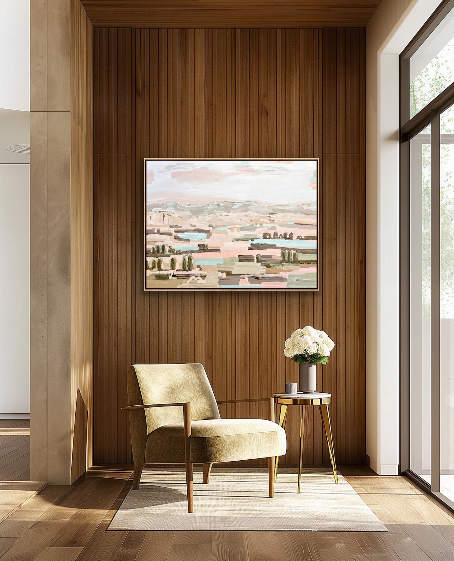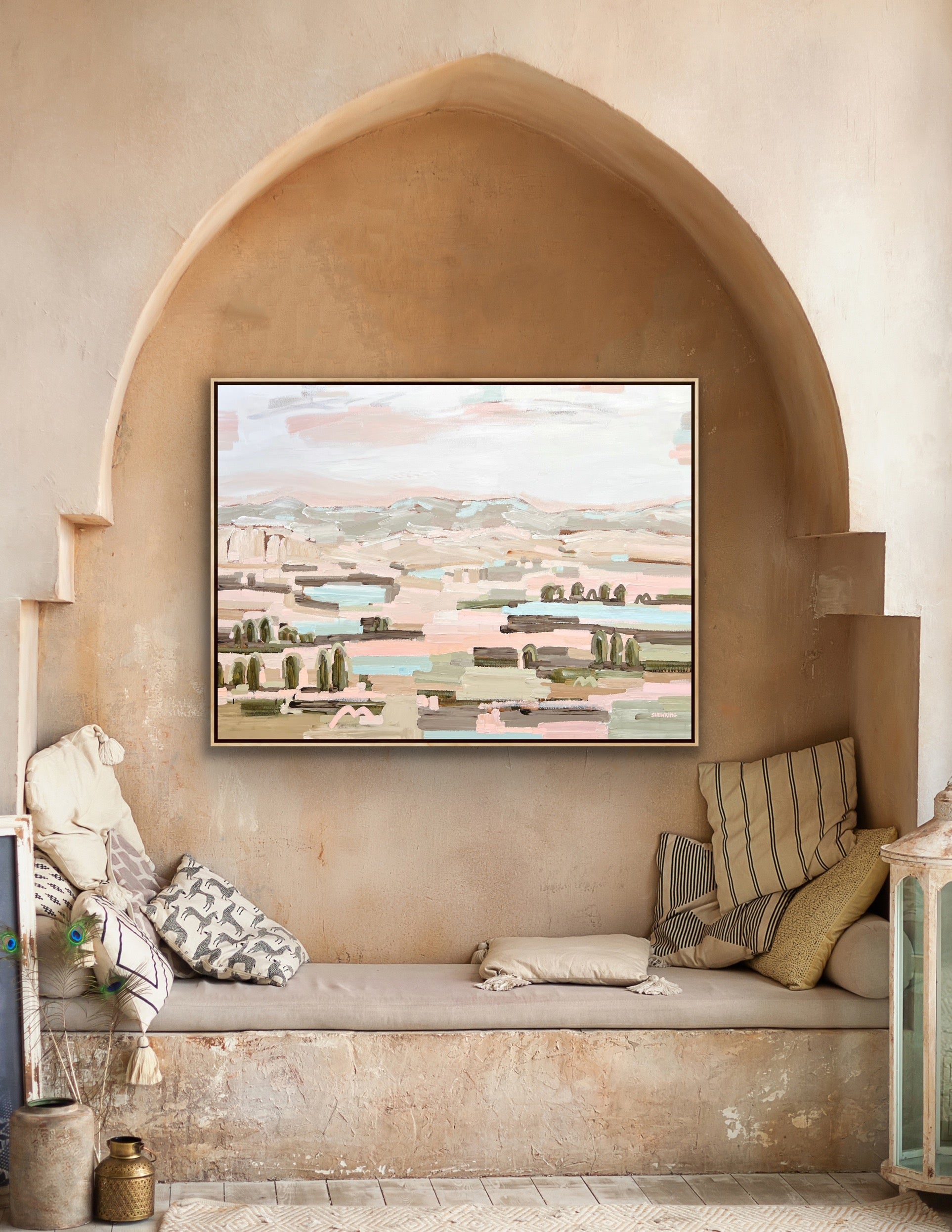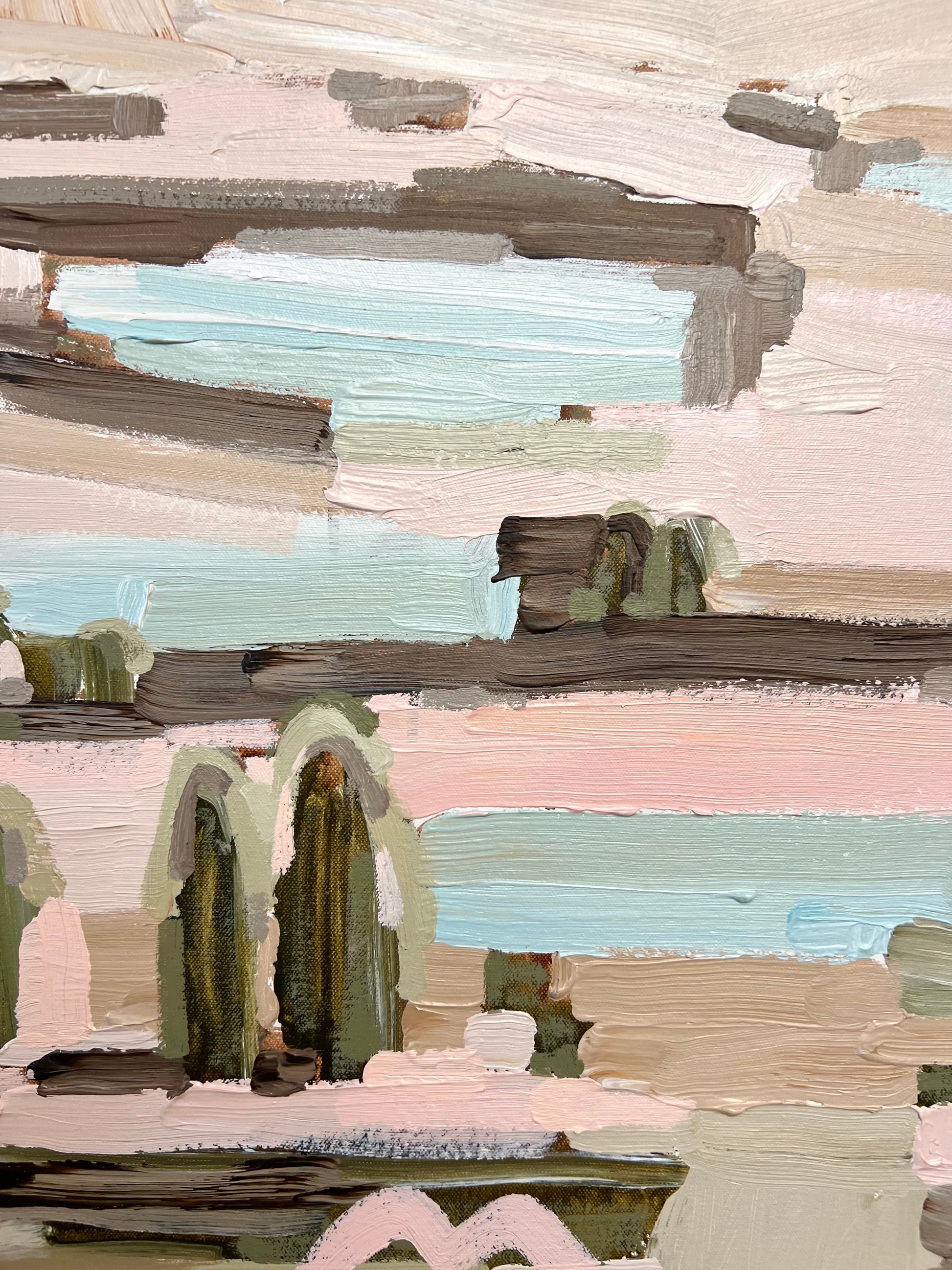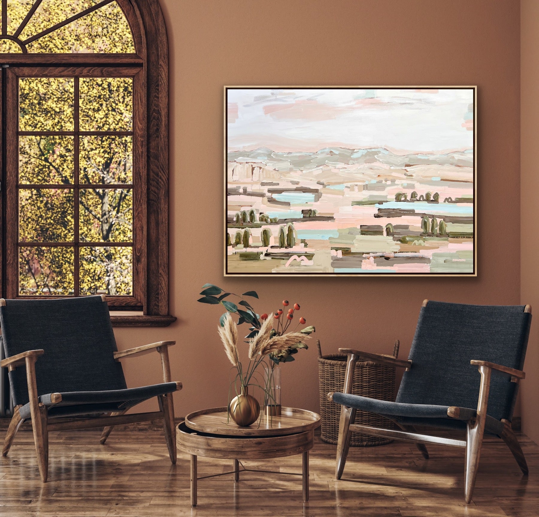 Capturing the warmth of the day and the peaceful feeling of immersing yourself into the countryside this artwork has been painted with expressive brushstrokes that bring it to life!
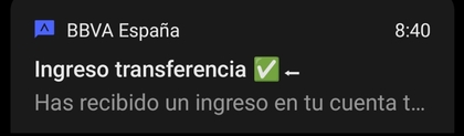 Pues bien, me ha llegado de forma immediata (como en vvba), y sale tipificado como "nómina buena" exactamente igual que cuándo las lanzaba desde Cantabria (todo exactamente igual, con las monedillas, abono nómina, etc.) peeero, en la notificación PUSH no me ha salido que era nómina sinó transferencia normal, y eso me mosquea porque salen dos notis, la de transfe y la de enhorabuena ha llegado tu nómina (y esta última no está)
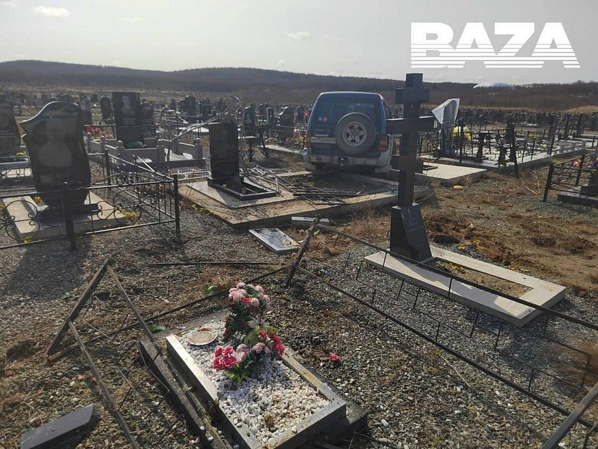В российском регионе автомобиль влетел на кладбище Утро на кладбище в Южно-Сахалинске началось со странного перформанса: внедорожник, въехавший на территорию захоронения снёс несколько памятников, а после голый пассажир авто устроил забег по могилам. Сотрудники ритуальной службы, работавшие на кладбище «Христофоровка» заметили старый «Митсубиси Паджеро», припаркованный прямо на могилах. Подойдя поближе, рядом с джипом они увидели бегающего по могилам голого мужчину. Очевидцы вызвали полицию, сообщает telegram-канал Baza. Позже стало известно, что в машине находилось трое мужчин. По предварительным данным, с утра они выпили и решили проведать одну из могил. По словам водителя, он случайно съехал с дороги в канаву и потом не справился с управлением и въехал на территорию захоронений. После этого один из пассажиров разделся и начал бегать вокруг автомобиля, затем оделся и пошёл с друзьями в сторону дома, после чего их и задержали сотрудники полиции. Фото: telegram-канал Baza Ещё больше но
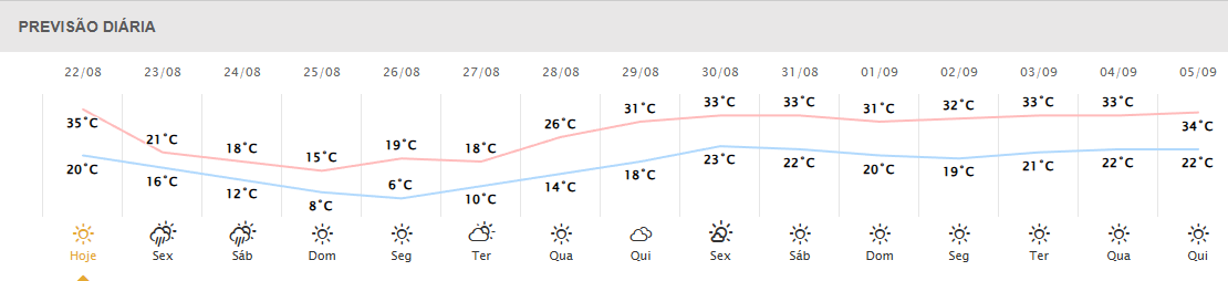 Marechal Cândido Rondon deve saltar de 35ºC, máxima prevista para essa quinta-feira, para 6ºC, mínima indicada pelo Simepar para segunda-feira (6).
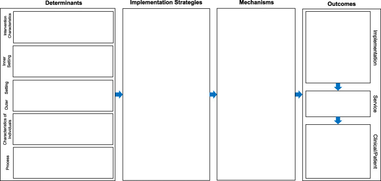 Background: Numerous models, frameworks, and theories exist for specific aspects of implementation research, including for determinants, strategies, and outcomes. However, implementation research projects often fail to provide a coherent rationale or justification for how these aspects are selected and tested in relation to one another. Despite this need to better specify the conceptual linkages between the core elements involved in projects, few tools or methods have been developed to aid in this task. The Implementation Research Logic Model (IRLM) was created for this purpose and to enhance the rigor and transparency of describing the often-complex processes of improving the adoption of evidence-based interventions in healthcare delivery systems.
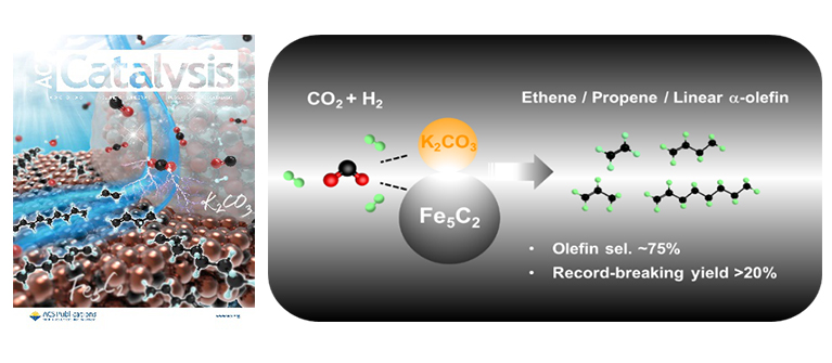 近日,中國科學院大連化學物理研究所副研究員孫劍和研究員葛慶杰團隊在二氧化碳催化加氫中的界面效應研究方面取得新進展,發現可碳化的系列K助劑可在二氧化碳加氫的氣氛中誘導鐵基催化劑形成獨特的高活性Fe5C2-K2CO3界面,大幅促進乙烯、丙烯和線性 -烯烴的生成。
________________
Problem: Please copy out the material above exactly, with the images removed.

Exercise answer:
 Capturing the warmth of the day and the peaceful feeling of immersing yourself into the countryside this artwork has been painted with expressive brushstrokes that bring it to life!
 Pues bien, me ha llegado de forma immediata (como en vvba), y sale tipificado como "nómina buena" exactamente igual que cuándo las lanzaba desde Cantabria (todo exactamente igual, con las monedillas, abono nómina, etc.) peeero, en la notificación PUSH no me ha salido que era nómina sinó transferencia normal, y eso me mosquea porque salen dos notis, la de transfe y la de enhorabuena ha llegado tu nómina (y esta última no está)
В российском регионе автомобиль влетел на кладбище Утро на кладбище в Южно-Сахалинске началось со странного перформанса: внедорожник, въехавший на территорию захоронения снёс несколько памятников, а после голый пассажир авто устроил забег по могилам. Сотрудники ритуальной службы, работавшие на кладбище «Христофоровка» заметили старый «Митсубиси Паджеро», припаркованный прямо на могилах. Подойдя поближе, рядом с джипом они увидели бегающего по могилам голого мужчину. Очевидцы вызвали полицию, сообщает telegram-канал Baza. Позже стало известно, что в машине находилось трое мужчин. По предварительным данным, с утра они выпили и решили проведать одну из могил. По словам водителя, он случайно съехал с дороги в канаву и потом не справился с управлением и въехал на территорию захоронений. После этого один из пассажиров разделся и начал бегать вокруг автомобиля, затем оделся и пошёл с друзьями в сторону дома, после чего их и задержали сотрудники полиции. Фото: telegram-канал Baza Ещё больше но
 Marechal Cândido Rondon deve saltar de 35ºC, máxima prevista para essa quinta-feira, para 6ºC, mínima indicada pelo Simepar para segunda-feira (6).
 Background: Numerous models, frameworks, and theories exist for specific aspects of implementation research, including for determinants, strategies, and outcomes. However, implementation research projects often fail to provide a coherent rationale or justification for how these aspects are selected and tested in relation to one another. Despite this need to better specify the conceptual linkages between the core elements involved in projects, few tools or methods have been developed to aid in this task. The Implementation Research Logic Model (IRLM) was created for this purpose and to enhance the rigor and transparency of describing the often-complex processes of improving the adoption of evidence-based interventions in healthcare delivery systems.
 近日,中國科學院大連化學物理研究所副研究員孫劍和研究員葛慶杰團隊在二氧化碳催化加氫中的界面效應研究方面取得新進展,發現可碳化的系列K助劑可在二氧化碳加氫的氣氛中誘導鐵基催化劑形成獨特的高活性Fe5C2-K2CO3界面,大幅促進乙烯、丙烯和線性 -烯烴的生成。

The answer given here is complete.